My general pattern with baking with alcohol is as follows: buy liquor for a specific recipe, use a couple tablespoons, shove the remaining liquor to the back of one of my baking shelves (yes, I have so many baking ingredients that they take up 3 shelves), and promptly forget about said liquor.
Lately though, my baking motto around here is "add booze." About a month ago, I took inventory of my kitchen, making mental notes of everything that needs to be used up by the end of July. I found near-full bottles of bourbon, rum, amaretto, and frangelico. Since then, I've been frantically trying to use up the liquor, which is tough to do without simply drinking it.
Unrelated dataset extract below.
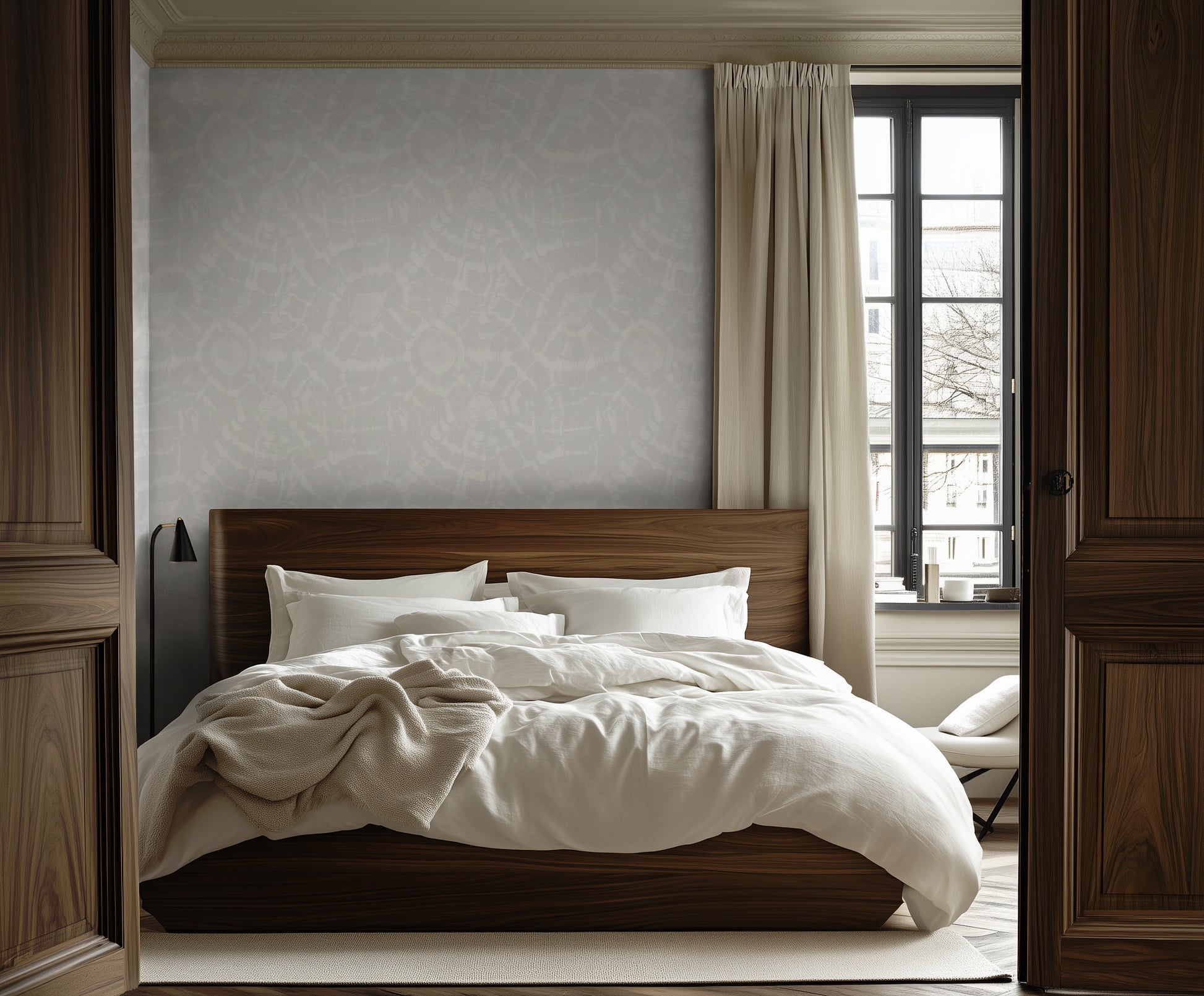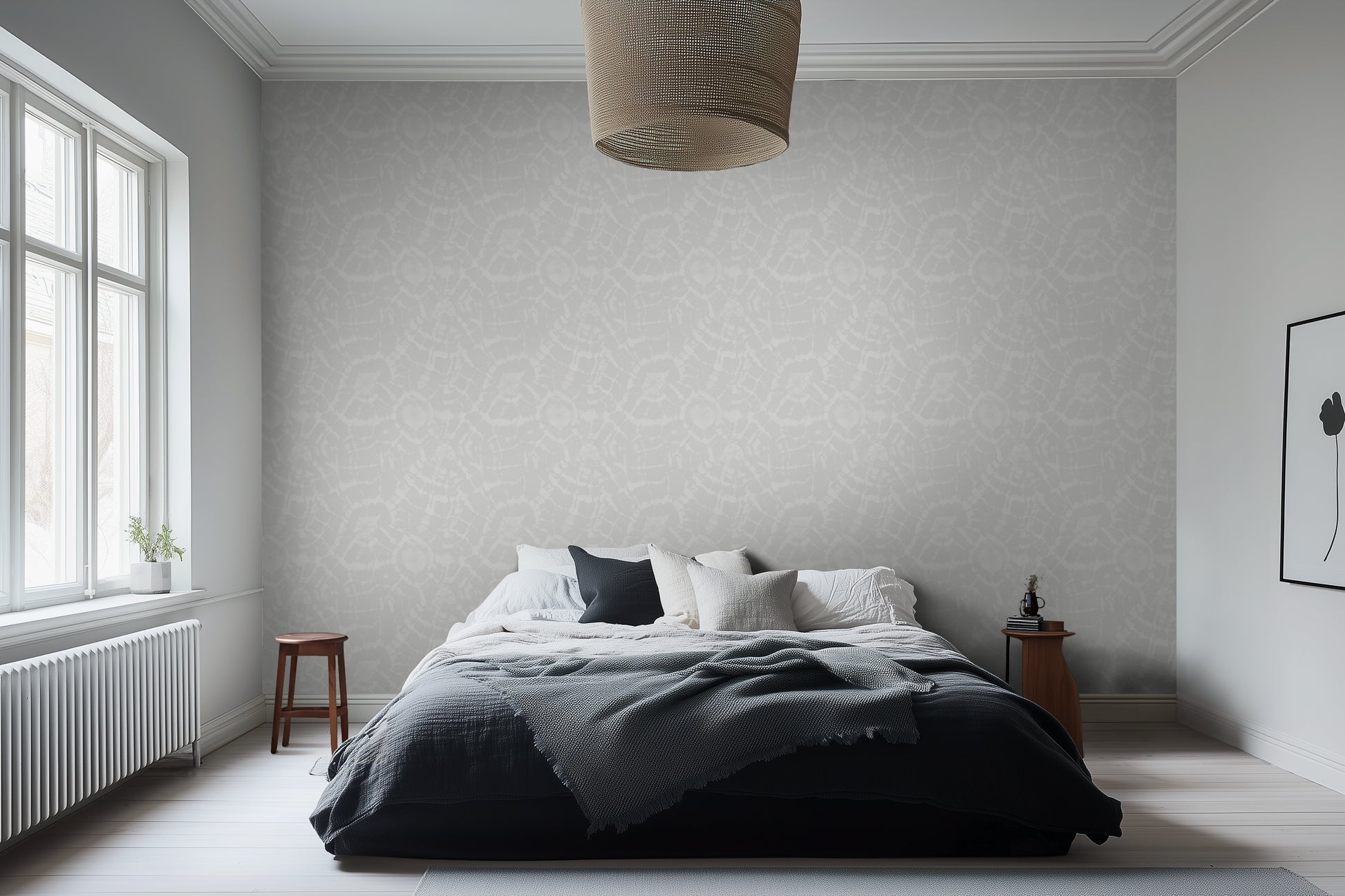 Tideback – White Lace on Soft Dove Grey takes inspiration from the intricate geometry of tortoise shells — here rendered in soft grey and white for a pattern that feels both organic and architectural. Subtle but distinctive, it’s perfect for serene interiors that want quiet texture with a story behind it.

So, I made a chocolate amaretto cake from the Magnolia Bakery Cookbook . I also added rum to pumpkin bread and pineapple upside-down cake. I've added bourbon to blondies and banana bread. And sometimes, I just pour frangelico into a shot glass and just sip it (it's the only one of the four that I'll drink). I'm doing my best to bake with the booze, and I'm waiting for Drew to come home so I can make him this Flourless Chocolate Hazelnut Cake (he doesn't read my blog, so I'm not worried that he'll find out).
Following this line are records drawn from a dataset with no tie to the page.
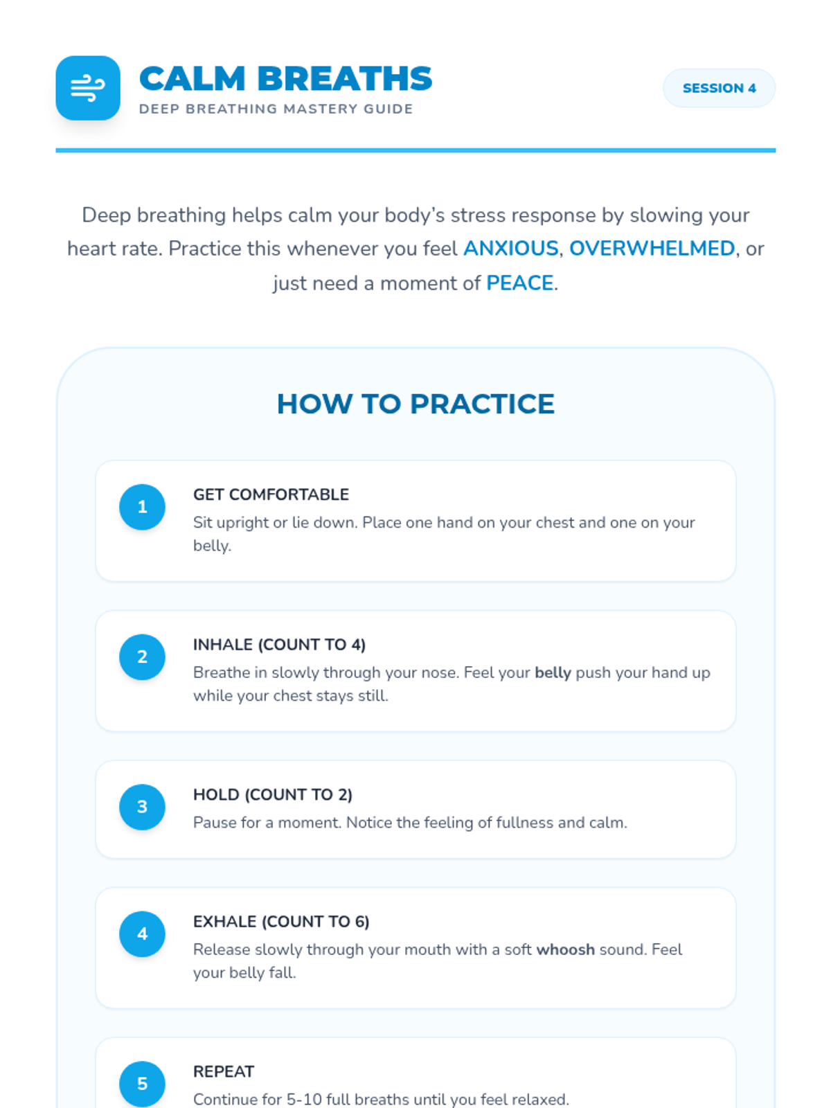 A 6-session counseling group designed to help students identify triggers, understand physical symptoms of anxiety, and build a personalized toolkit of coping strategies through a 'Calm Explorer' theme.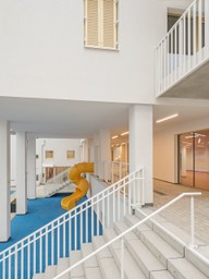 You stop under a huge Spar supermarket with a school on top, on the way to meeting Anna Popelka. Suddenly you find yourself on a level with Harry Glück’s infamous 1970s Alterlaa residential complex, a game-changer in the metropolitan area, loved and hated at the same time. It delimits the eastern horizon, the dimensions have changed on site: enclosed space between the ennobled supermarket – it defines the building line – and “Rivus Vivere”, the reason for the journey. Anna Popelka immediately talks about this environment and the history of the “wide ford”, another name for the multifunctional superstructure, in front of the gently bustling café of her large residential building. Working together with Georg Poduschka and the team from PPAG architects, it was completed for BUWOG in February 2023 – seven years after the start of planning. And there it is, the “Urban Building Block”, between the wide road to Vienna and countless new residential buildings, monoliths that, despite all the restrictions on social housing, always manage to mark “otherness” compared to their neighbours. This project is different.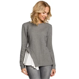 Hledáte jedinečnou halenku? Tato zajímavě střižená halenka s asymetricky střiženými boky a ušitá z kombinace dvou materiálů, měkkého žebrovaného úpletu a vzdušné látky, jistě splní vaše očekávání. Halenka s dlouhými rukávy ideální pro mnoho příležitostí.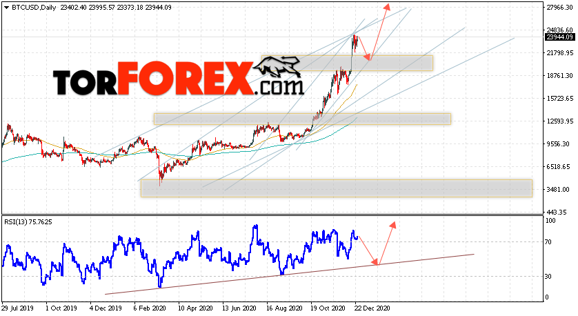 Дополнительным сигналом в пользу подъёма котировок BTC/USD на текущей торговой неделе 28 декабря 2020 — 1 января 2021 выступит отскок от нижней границы восходящего канала. Вторым сигналом станет отскок от линии поддержки на индикаторе RSI. Отменой варианта роста Bitcoin станет падение и пробой области 17505. Это укажет на пробой области поддержки и продолжение падения котировок BTC/USD с потенциальной целью ниже уровня 13505. Подтверждением развития восходящей тенденции выступит пробой области сопротивления и закрытие котировок выше уровня 25605.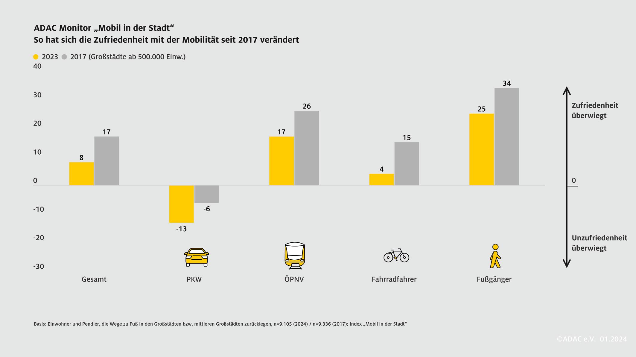 ADAC Monitor "Mobil in der Stadt": Die Zufriedenheit mit der Mobilitätssituation in den Großstädten ist im Vergleich zu 2017 deutlich gesunken.
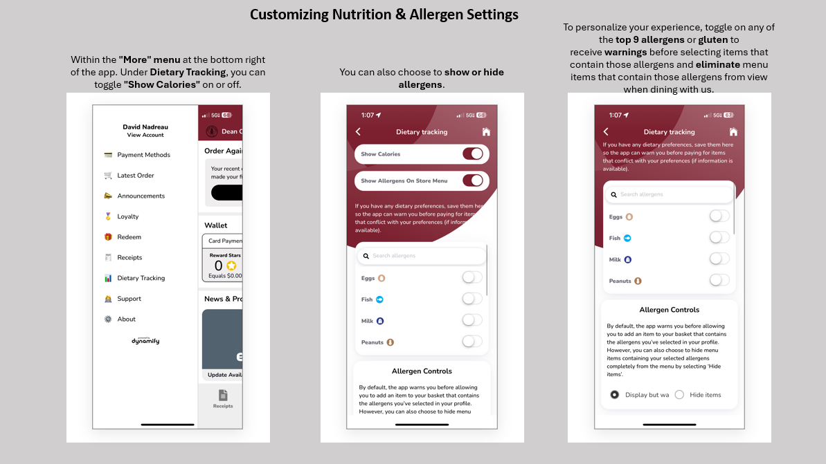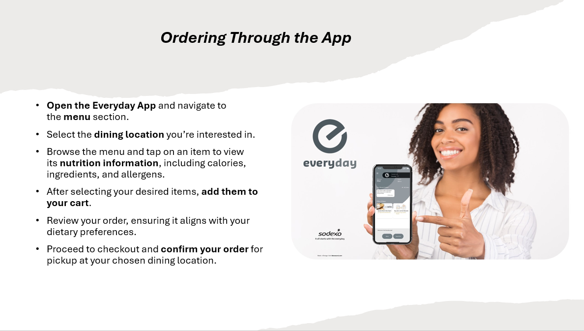 - Download the Everyday App (pictured below) to view menus, mobile ordering and express pickup at the Beanery and Boomers and identify options based on food allergens or sensitivities.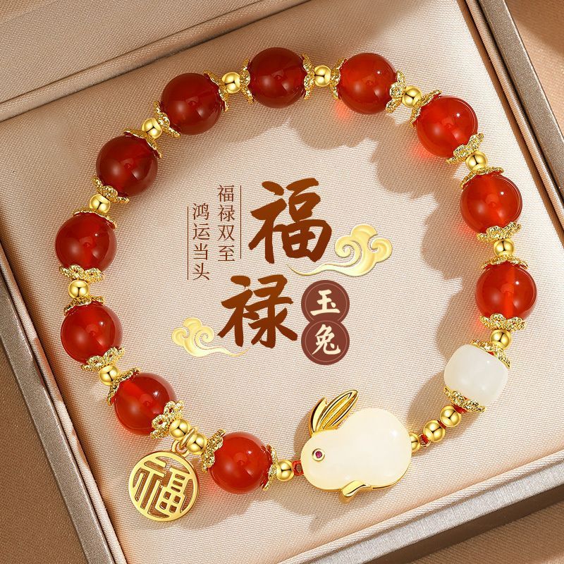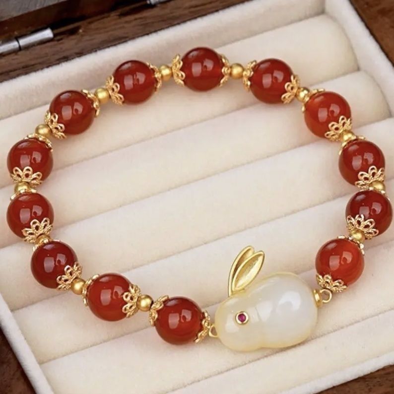red bead jade hare bracelet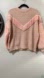Soft blush sweater with chevron faux fur design. Cozy and chic for casual wear.

Last weekend, I made rum raisin bars from the Fat Witch Brownies cookbook. Not at all too heavy and not overpowering, these were quite good.
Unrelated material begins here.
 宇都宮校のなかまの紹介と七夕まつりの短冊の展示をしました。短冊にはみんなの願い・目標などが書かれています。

Okay, I'm not adding booze to everything around here. I also made cranberry-orange-walnut scones, from Vegan with a Vengeance. I think Drew would be proud of me for taking some liberties in baking these. I added dried cranberries and toasted walnuts, and I substituted oats for half of the flour in an effort to make the scones healthy and appropriate for breakfast.
I broke the "add booze" rule because they were for my breakfasts this week and I thought it would be wrong to eat something with alcohol in it at 7 in the morning.